Wednesday, July 14, 2010

Senate Reform for the Global Economy: part 2

The Many

“The fabric of American empire ought to rest on the solid basis of THE CONSENT OF THE PEOPLE. The streams of national power ought to flow from that pure, original fountain of all legitimate authority.” –Alexander Hamilton, Federalist 22


Alexander Hamilton and James Madison designed America to be a democratic republic, featuring filtered (indirect) representation of the people’s authority and built in monitoring provisions called checks and balances used to prevent political degeneration. Moreover, both men talk of an ‘American Empire.’ The terminology is vague and seemingly conflicting and therefore raises questions about the nature and goals of our republic. Most basically, the United States of America is a democratic republic premised on liberal notions of individual liberty and natural rights, whose power is authorized by a covenant of the people. Thomas Paine explains that,

It is wholly characteristical of the purport, matter or object for which government ought to be instituted, and on which it is to be employed, Res-Publica, the public affairs, or the public good; or, literally translated, the public thing. It is a word of a good original, referring to what ought to be the character and business of government; and in this sense it is naturally opposed to the word monarchy, which has a base original signification. It means arbitrary power in an individual person; in the exercise of which, himself, and not the res-publica, is the object (Rights of Man 17).

Every government that does not act on the principle of a Republic, or in other words, that does not make the res-publica its whole and sole object, is not a good government. Republican government is no other than government established and conducted for the interest of the public, as well individually as collectively (Rights of Man 17).
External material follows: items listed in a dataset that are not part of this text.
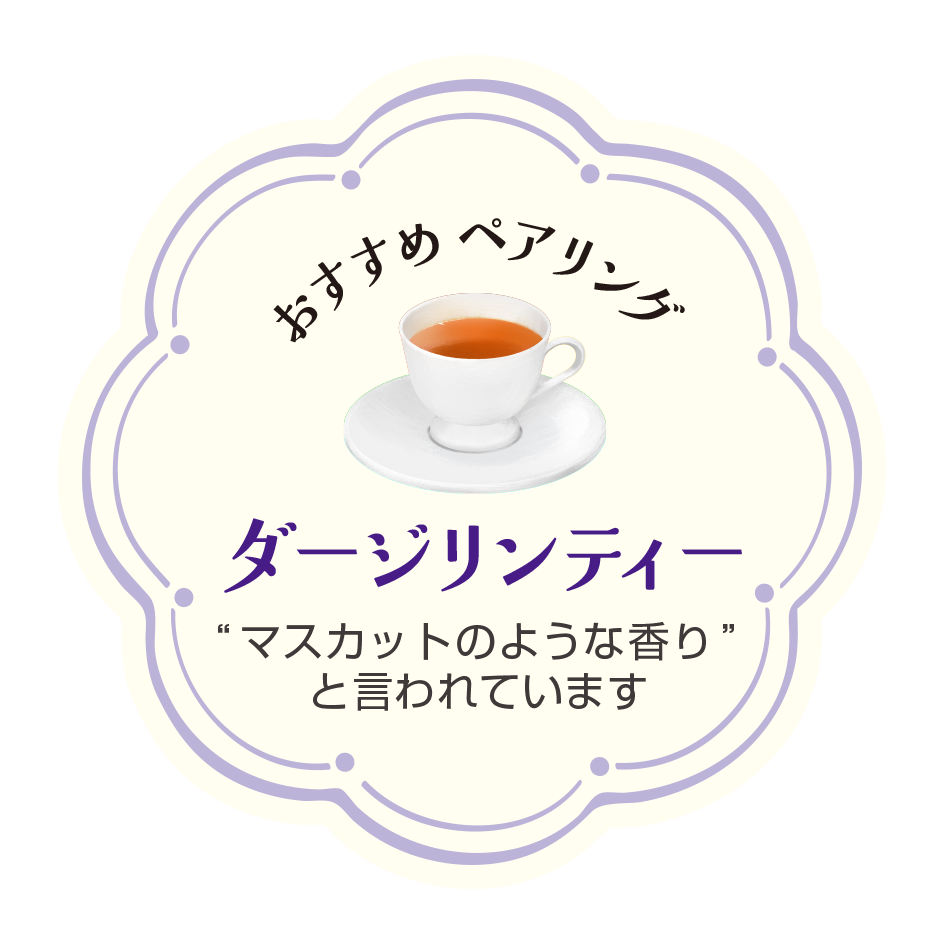マスカットのような香りともいわれる、香り高いダージリンティーとのペアリングがおすすめです。
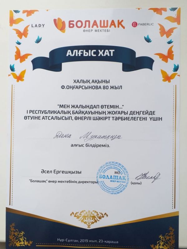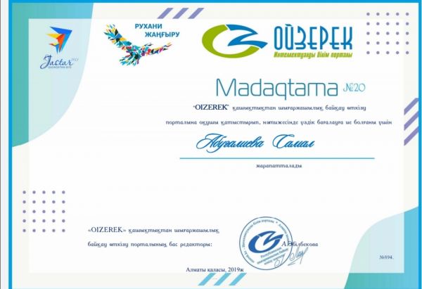 «OIZEREK» қашықтықтан шығармашылық байқау өткізу порталы ұйымдастырған «Дарынды жас» атты байқауда үздік нәтиже көрсеткені үшін 6 - сынып оқушысы Жұмажанова Айым жетекшісі Ом…
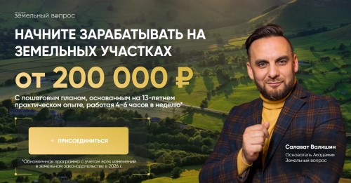 Начните зарабатывать на земельных участках с пошаговым планом, основанным на 13-летнем практическом опыте, работая 4-6 часов в неделю от 200 000 рублей.
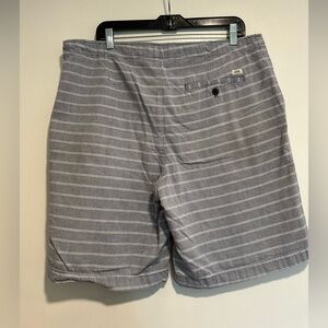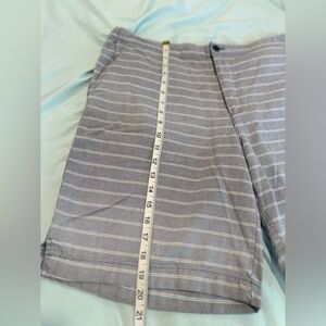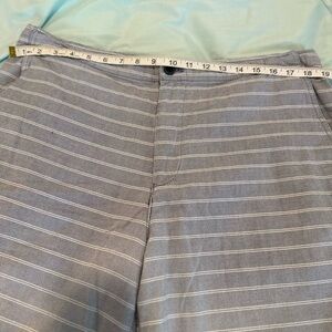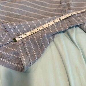 Izod Saltwater Mens 36 Flat Front Bermuda Chino Shorts Blue And White Stripes. Slash pockets. Double rear button pockets. 9.5 inch inseam. Lightweight, breathable. Linen appearance. Excellent used condition. No rips, stains or defects. Please see pictures for measurements.
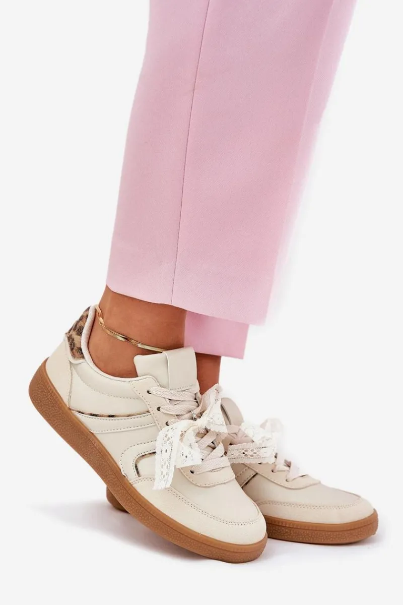 Stylowe sneakersy damskie z eko skóry o niskim fasonie, które łączą komfort z modnym wyglądem. Wyjmowana piankowa wkładka, pokryta materiałem, zapewnia wygodę i odpowiednią amortyzację przez cały dzień. Na sznurowaniu znajduje się koronka, którą można odpiąć, dając możliwość dostosowania wyglądu do własnych preferencji. Doskonałe do codziennych stylizacji, te sneakersy wyróżniają się unikalnym wyglądem. Przy wyborze rozmiaru prosimy kierować tabelą rozmiarów.
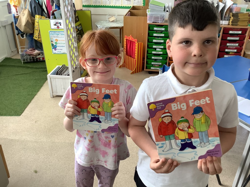 - continuing to develop our reading skills – making predictions about a book using the title and front cover, learning to tell the difference between fiction and non-fiction texts and learning to sound out words as we read
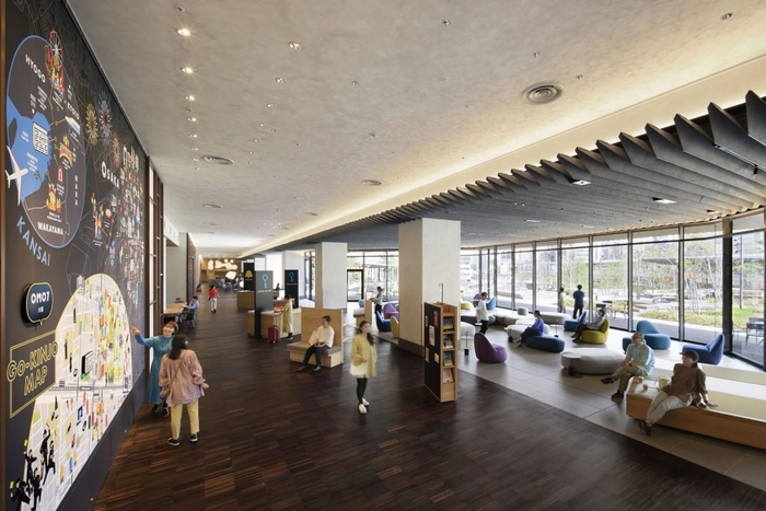 大阪の旅を楽しくするディープな仕掛け満載のパブリックスペースです。全長約85メートル、高さ約5メートルの開放的な空間には、街の情報がつまった「ご近所マップ」に加えて、「OMOカフェ&バル」「OMOダイニング」「ライブラリーラウンジ」を有しています。大きな窓からは、都会にいながらも四季の移ろいを感じる景色を一望できます。
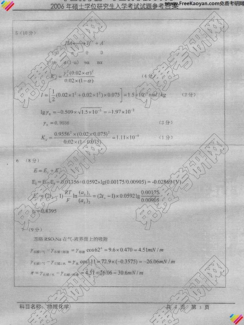 中国科学技术大学2006年考研真题-物理化学B答案(3)

Thus, the republic, created by the people, is intended to serve the interests of those people from both a personal and communal perspective. Every American knows, however, that republican government is not that simple. Famously, Madison discussed the problem of factions in Federalist 10, the most basic problem associated with republican governments. He identifies a faction as any “number of citizens, whether amounting to a majority or a minority of the whole, who are united and actuated by some common impulse of passion, or of interest, adverse to the rights of other citizens, or to the permanent and aggregate interests of the community” (Madison Fed 10). By definition, a dominant or ruling faction cannot be republican in nature, so long as the party offends individual liberties or communal interest (an expression of arbitrary power, usually done selfishly). To account for such factions, Madison offers “two methods of removing the causes of faction: the one, by destroying the liberty which is essential to its existence; the other, by giving to every citizen the same opinions, the same passions, and the same interests” (Madison Fed. 10). In other words, Madison believes that we can only control a faction’s negative effects, and this is best accomplished through checks and balances that monitor representative behavior. Moreover, he writes that,

It is essential to such a government, that it be derived from the great body of the society, not from an inconsiderable proportion, or a favored class of it; otherwise a handful of tyrannical nobles, exercising their oppressions by a delegation of their powers, might aspire to the rank of republicans, and claim for their government the honorable title of republic. It is sufficient for such a government, that the persons administering it be appointed, either directly or indirectly, by the people (Madison Fed. 39).

Correspondingly, Madison writes that because the otherwise “accumulation of all powers legislative, executive and judiciary in the same hands…may justly be pronounced the very definition of tyranny” the “legislative, executive and judiciary departments ought to be separate and distinct” (Madison Fed. 47). This implies that a government derived from one particular interest and a tyranny is one in the same; selfish interests are checked by providing those “who administer each department, [with] the necessary constitutional means, and personal motives, to resist encroachments of the others” (Madison Fed. 51). Theoretically, this enables the government first to “control the governed; and in the next place, obliges it to control itself;” this separation of powers is one of the most fundamental checks and balances upon which our Constitution and our liberties are contingent (Madison Fed. 51).